Using threads in such case is simply a good practice to make the code clearer. Instead of using (often complex or unintuitive) checks for inputs, integrating those checks into program flow, manual switching between handling input and other tasks, a programmer may choose to use threads and let one thread wait for input, and the other i.e. to perform calculations.
In other words, multiple threads sometimes allow for better use of different resources at your computer's disposal: network, disk, input devices or simply monitor.
Generalization: using multiple threads (including parallel data processing) is advisable when the speed and responsiveness gains outweigh the synchronization costs and work required to parallelize the application.
The reason why there is increased interest in parallel programming is partly because the hardware we use today is more parallel. (multicore processors, many-core GPU). To fully benefit from this hardware you need to program in parallel.
Interestingly, parallel processing also improves battery life:
Having 4 cores at 1Ghz draws less power than one single core at 4Ghz.
A phone with a multicore CPU will try to run as much tasks as possible simultaneously, so it can turn off the CPU when all work is done. This is sometimes called "the rush to idle".
Now, some programs are more easy parallelize than others. You should not randomly try to parallelize your entire code base. But it can be a useful excersise to do so even if there is no business reason: then you will be more ready the day when you really need it.
There are very few problems which can't be solved more quickly by a parallel program than by a serial program.
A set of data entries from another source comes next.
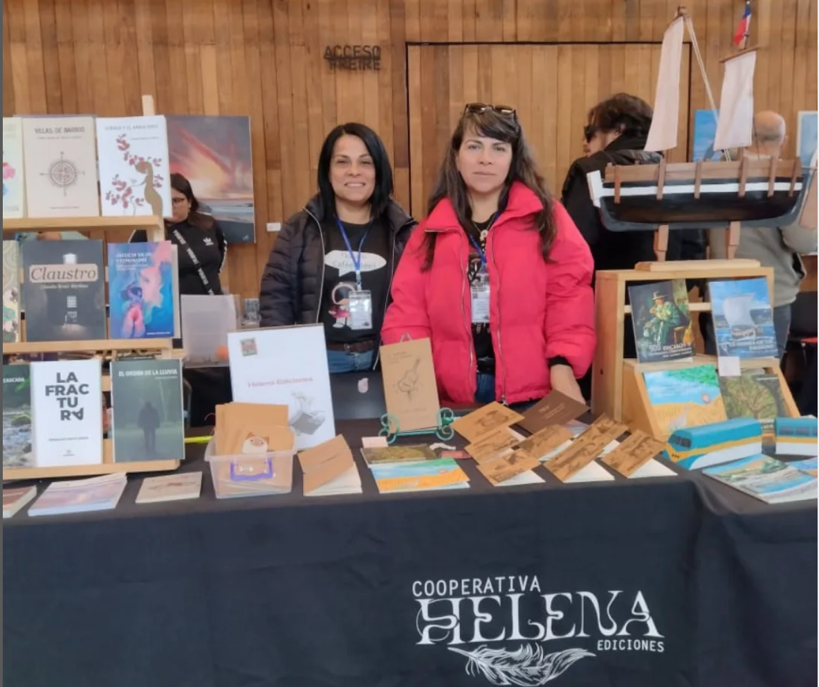 Nuestras cooperadas Fabiola y Romy Bernal Díaz, representaron a nuestra editorial en el evento maulino y tuvieron la oportunidad de conocer a otros actores del libro del país, y conocer propuestas como de la editorial de Santiago Cormorán Ediciones, con su catálogo sobre René Silva Catalán y Christian Aedo Jorquera, y sus libros de novela negra: "Ni a la diestra de nadie", de Sonia González; "Fuego de juego", de Ramón Díaz; y "Masacre", de Charlie Becerra, entre otros.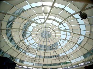 FSS卷轴式天棚帘,即单电机弹性机构天棚帘,该系统专为水平或倾斜遮阳系统而设计,适合于弯曲、倾斜或水平的玻璃天棚。主要由管状电机和弹性张力系统组成,面料一直经受张力,机构一端用一个管状系列马达,另一端弹簧机构。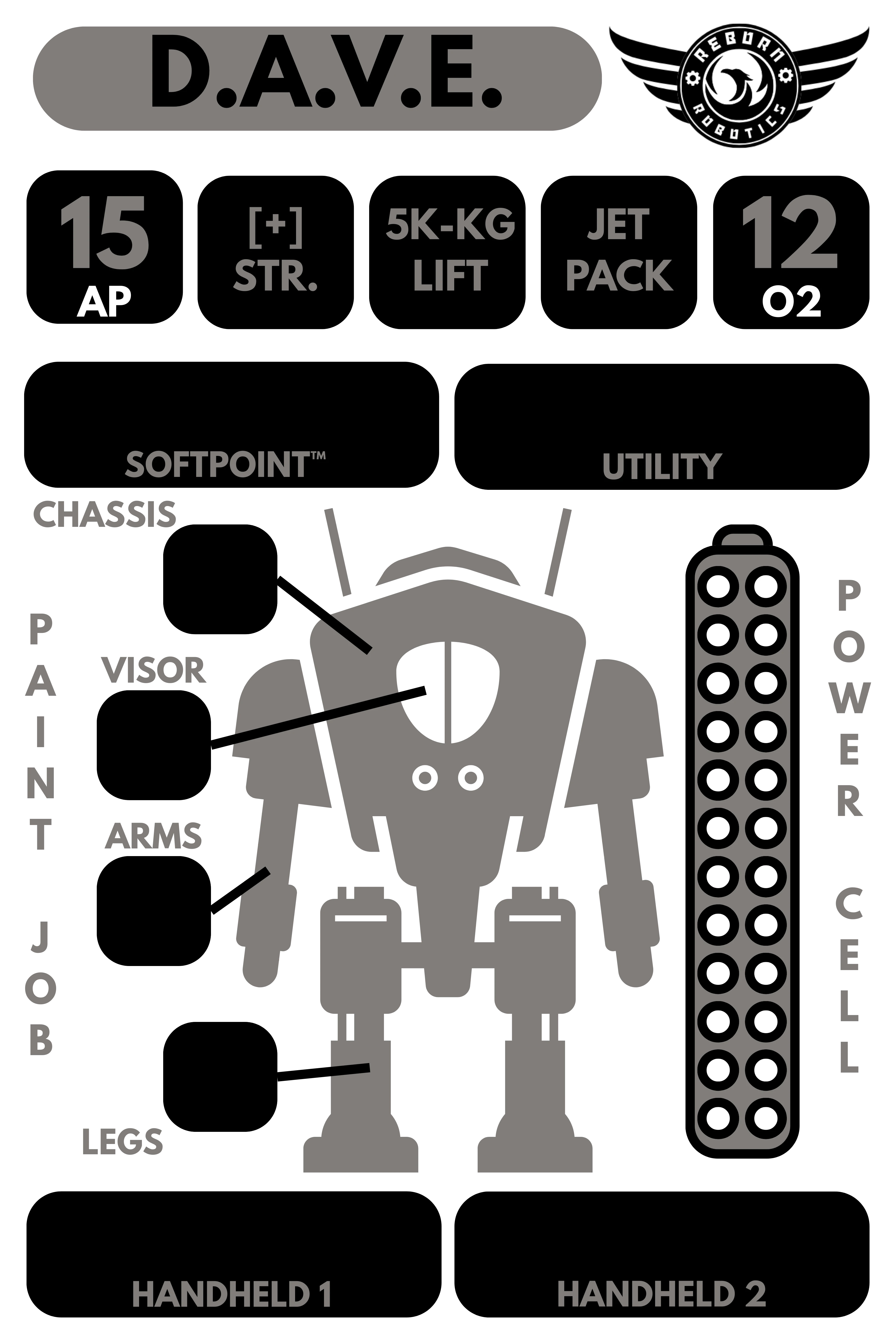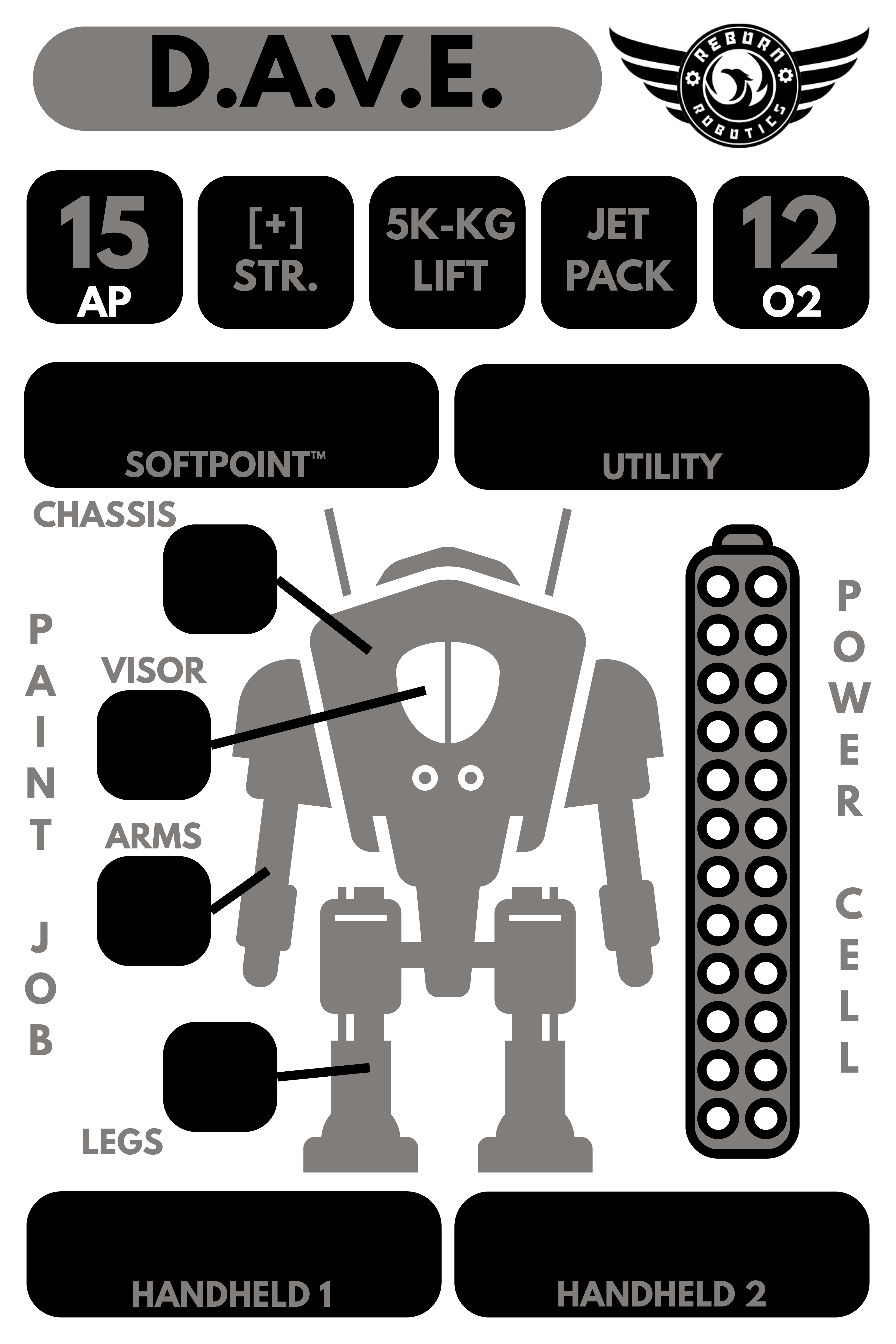 D.A.V.E. has four customizable components: Handhelds, Softpoints™, Utilities, and Paint Jobs. All costs listed are in addition to the base unit construction cost of 20mcr.

There are very few computers which do not have multiple processing units.
I conclude, therefore, that you should use parallel programming all the time.
what is the difference between parallel processing and multi core processing
Parallel and multi-core processing both refer to the same thing: the ability to execute code at the same time (in more than one core/CPU/machine.) So in this sense multi-core is just a means to do parallel processing.
On the other hand, concurrency (which is probably what you mean by parallel processing) refers to having multiple units of execution (threads or processes) that are interleaved. This can also happen in either in a single core CPU or in many cores/CPUs or even in many machines (clusters).
Summing up, multicore is a subset of parallel and concurrency can occur with or without parallelism. The field that studies this is distributed systems or distributed computing.
Parallel processing just refers to a program running more than 1 part simultaneously, usually with the different parts communicating in some way. This might be on multiple cores, multiple threads on one core (which is really simulated parallel processing), multiple CPUs, or even multiple machines.
Multicore processing is usually a subset of parallel processing.
Multicore processing means code working on more than one "core" of a single CPU chip. A core is like a little processor within a processor. So making code work for multicore processing will nearly always be talking about the parallelization aspect (though would also include removing any core specific assumptions, which you shouldn't normally have anyway).
As far as an algorithm design goes, if it is correct in a parallel processing point of view, it will be correct multicore.
However, if you need to optimise your code to get it to run as fast as possible "in parallel" then the differences between multicore, multi-cpu, multi-machine, or vectorised will make a big difference.
Parallel processing can be done inside a single core with multiple threads.
Multi-Core processing means distributing those threads to make use of the multiple cores in a CPU.